The reduction of a banded matrix to bidiagonal form is a critical step in the calculation of Singular Values, a cornerstone of scientific computing and AI. Although inherently parallel, this step has traditionally been considered unsuitable for GPUs due to its memory-bound nature. However, recent advances in GPU architectures, such as increased L1 memory per Streaming Multiprocessor or Compute Unit and larger L2 caches, have shifted this paradigm. In this work, we present the first GPU-accelerated algorithm for reducing a banded matrix to bidiagonal form, integrated into open-source software package NextLA$.$jl. Our algorithm builds on prior multicore CPU cache-efficient bulge chasing methods, adapted to modern GPU architecture to optimize throughput. Leveraging Julia's high-level array abstractions and KernelAbstractions, we implement a single function that is both hardware-agnostic and data-precision-aware, running efficiently across NVIDIA, AMD, Intel, and Apple Metal GPUs. We develop a hardware-aware performance model to guide tuning and identify key hyperparameters that govern optimal GPU performance for memory-bound workloads. We show that such workloads, when carefully optimized, can achieve substantial speed-ups on modern GPUs: our implementation outperforms multithreaded CPU libraries PLASMA and SLATE starting from matrix sizes as small as 1024 x 1024, and achieves over 100x speed-up on 32k x 32k matrices. Moreover, the algorithm's performance scales linearly with the matrix bandwidth, enabling efficient reduction of matrices with larger bandwidths - previously considered impractical.
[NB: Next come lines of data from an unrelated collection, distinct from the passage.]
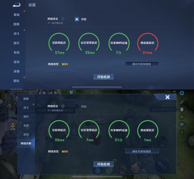 游戏测试方面,你可以根据需要选择电竞模式。如果你是手机用户可以直接在手机上操作app开启手游电竞模式。这里也通过王者荣耀对比测试看看开启手游电竞模式前后的区别。可以看到对比没有开启电竞模式下,手机即便只有7台连接设备,但是路由器延迟也有21ms,社区宽带延迟25ms。但是对比开启了电竞模式的ROG GT-AX6000可以看到路由器延迟只有1ms,社区宽带延迟7ms。
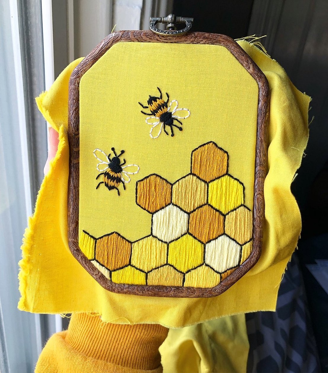 Медовые соты — вышивка по вязаному полотну, имитирующая пышные буфы. Такая техника применяется от отделки горловины, манжетов, а также низа изделия. Чаще всего для работы применяются нити того же тона, что и сама вязаная вещь.
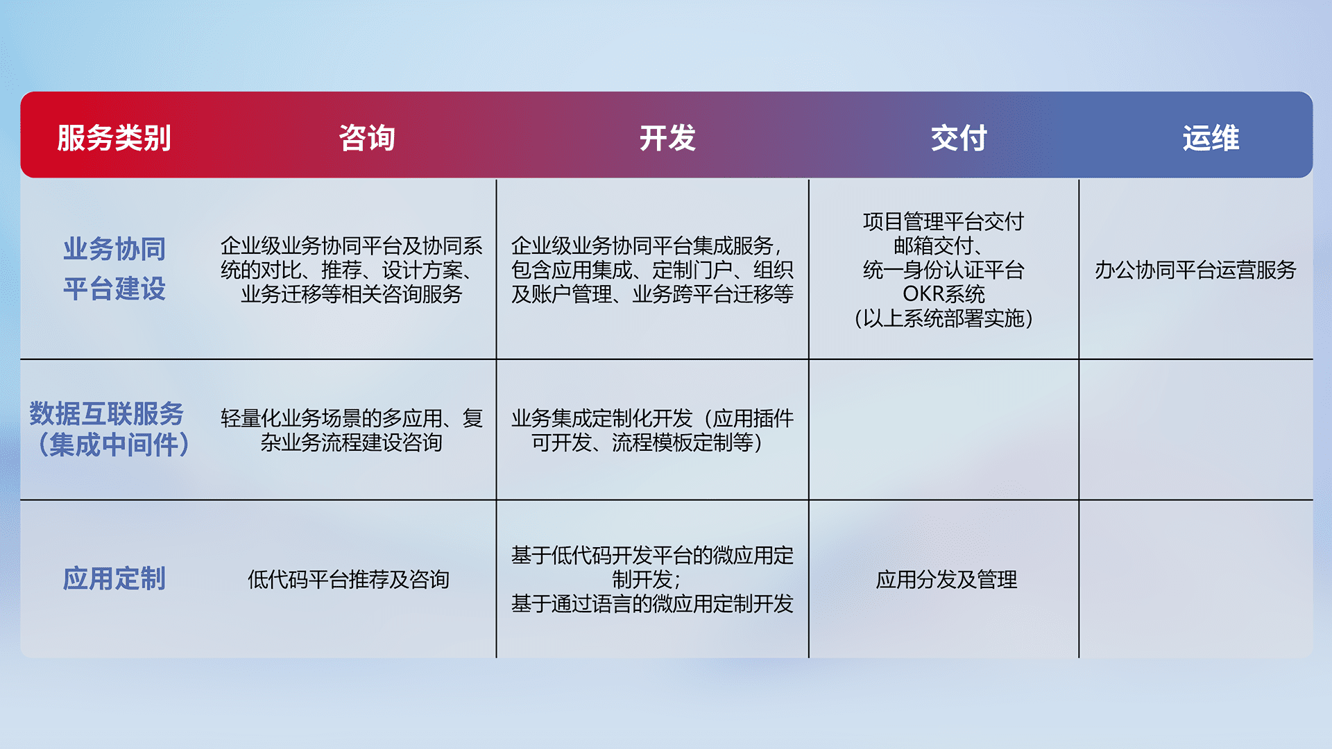 针对钉钉、、、、企微、、、、IDaas等平台级产品提供产品的规划、、、方案、、交付、、、定制化开发等服务,,,,实现如统一协同办公、、、智能客户服务、、、、混合会议管理、、智能数据查询、、、、等业务场景,,实现数字化转型。。。

翻译：将带状矩阵约化为双对角形式是计算奇异值的关键步骤，而奇异值计算是科学计算与人工智能的基石。尽管该步骤本质上是并行的，但由于其内存受限的特性，传统上被认为不适合在GPU上执行。然而，GPU架构的最新进展，例如每个流式多处理器或计算单元增加的L1内存以及更大的L2缓存，已经改变了这一范式。本文提出了首个用于将带状矩阵约化为双对角形式的GPU加速算法，并集成到开源软件包NextLA.jl中。我们的算法建立在先前多核CPU缓存高效凸点追逐方法的基础上，针对现代GPU架构进行适配以优化吞吐量。利用Julia的高级数组抽象和KernelAbstractions，我们实现了一个同时具备硬件无关性和数据精度感知的单一函数，可在NVIDIA、AMD、Intel及Apple Metal GPU上高效运行。我们开发了一个硬件感知性能模型来指导调优，并识别出决定内存受限工作负载在GPU上最优性能的关键超参数。研究表明，经过精心优化，此类工作负载在现代GPU上能实现显著的加速：我们的实现在矩阵尺寸小至1024 x 1024时即超越多线程CPU库PLASMA和SLATE，并在32k x 32k矩阵上实现超过100倍的加速。此外，算法性能随矩阵带宽线性扩展，使得更大带宽矩阵的高效约化成为可能——这在以往被认为是不切实际的。